Der Zweck der Existenz

Über den Zweck der Existenz habe ich dank meines Freundes Shadowelf ja bereits einmal geschrieben. Damals war ich in einer depressiven Phase. Ich weiß nicht, ob diese Phase noch immer anhält. Aber ich habe noch einmal lange über meinen ZDE nachgedacht. Der Zweck der Existenz basiert auf den Büchern von John Strelecky. In diesen „Lebenshilfe-Beratern“ wird darüber gesprochen, wie man sich die Fragen nach dem „Warum bin ich hier“ beantwortet.

Der Zweck der Existenz ist die fundamentale Idee, einen Sinn in seinem Leben zu haben. Der Sinn des Lebens ist für Künstler, Gemälde zu schaffen. Das machen die nicht, weil sie es müssen. Sie machen es, weil ihr ganzes Dasein darauf abzielt, dieses Ziel zu erreichen. Ihre Motivation ist ansteckend und jeder versucht, ihnen zu helfen. Doch der Zweck der Existenz ist eben nicht nur ein einziges Ziel. Der Zweck der Existenz besteht aus den sogenannten „Big Five For Life“.

Damals habe ich, wie gesagt, irgendwie eine Krise gehabt. Mein Zweck der Existenz und meine Big Five haben sich damals irgendwie dann doch verschoben und leider nicht zum Besseren. Während dieser Krise empfand ich meine Existenz an sich schon als Belastung.
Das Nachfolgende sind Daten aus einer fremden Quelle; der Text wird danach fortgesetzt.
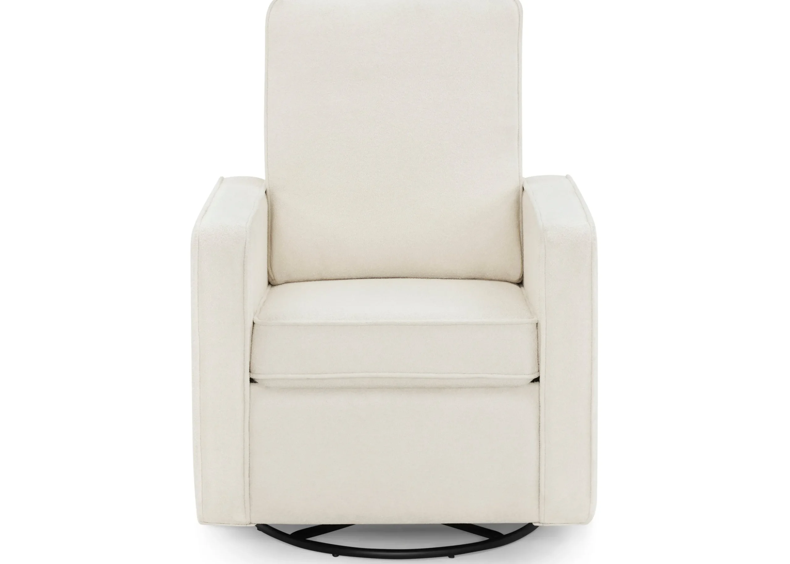 A necessity for feeding, playing and bonding with your baby, the Luna Nursery Swivel Glider by Delta Children is an inviting spot. Designed with a high back, square arms and generous cushions, this glider is the perfect balance of modern style and relaxing comfort. The smooth gliding mechanism and 360-degree swivel provides a soothing motion that helps little ones fall asleep. Upholstered in an elegant boucle fabric that’s soft to the touch, the Luna Glider will look great in any space because it’s built to last—through pets, kids, busy lives, and more. Remarkably soft without compromising style or comfort, the fabric on this glider is water and stain resistant for simple clean up from mishaps. Made without PFCs or other toxins, this advanced, environmentally friendly fabric finish protects from spills without using forever chemicals that harm your health or the planet. Plus, the fabric is GREENGUARD Gold Certified and OEKO-TEX STANDARD 100, which means it contributes to healthier indoor air.

Ich war tatsächlich so richtig depressiv. Ich sah keinen Sinn mehr. Trotz toller Frau, tollen Kindern fühlte ich mich leer.

Mittlerweile hat sich das geändert. Ich habe noch immer meine depressiven Phasen, allerdings kann ich mit Sicherheit sagen, dass diese Phasen nur kurz andauern und ihren Ursprung im verpeilten Hormonhaushalt haben. Vor einem Jahr allerdings habe ich manchmal wirklich das Gefühl gehabt, ein unendlich trauriger Mensch zu sein. Das ist nun aber vorbei.

Diese 5 Dinge will ich im Leben noch tun.

M - Musik machen

Musik war bis vor 10 Jahren das allerwichtigste in meinem Leben. Ich machte jeden Tag einen Song, oder ich sinnierte darüber, wie man aus Plugins wie Vanguard oder Synth1 die besten Sounds herausholen konnte. Ich hatte gerade meine Hardstyle-Phase hinter mir gelassen und wollte wieder mehr Trance machen und irgendwie schwebte mir auch immer vor, mal was klassisches zu versuchen. Die Musik sollte in Richtung Alexandre Desplat gehen, wobei ich natürlich weder das Equipment, noch das Talent eines Desplat habe. Aber ich habe wirklich Spaß an der Musik und durch viele Übungen kann man ja erfahrungsgemäß immer besser werden.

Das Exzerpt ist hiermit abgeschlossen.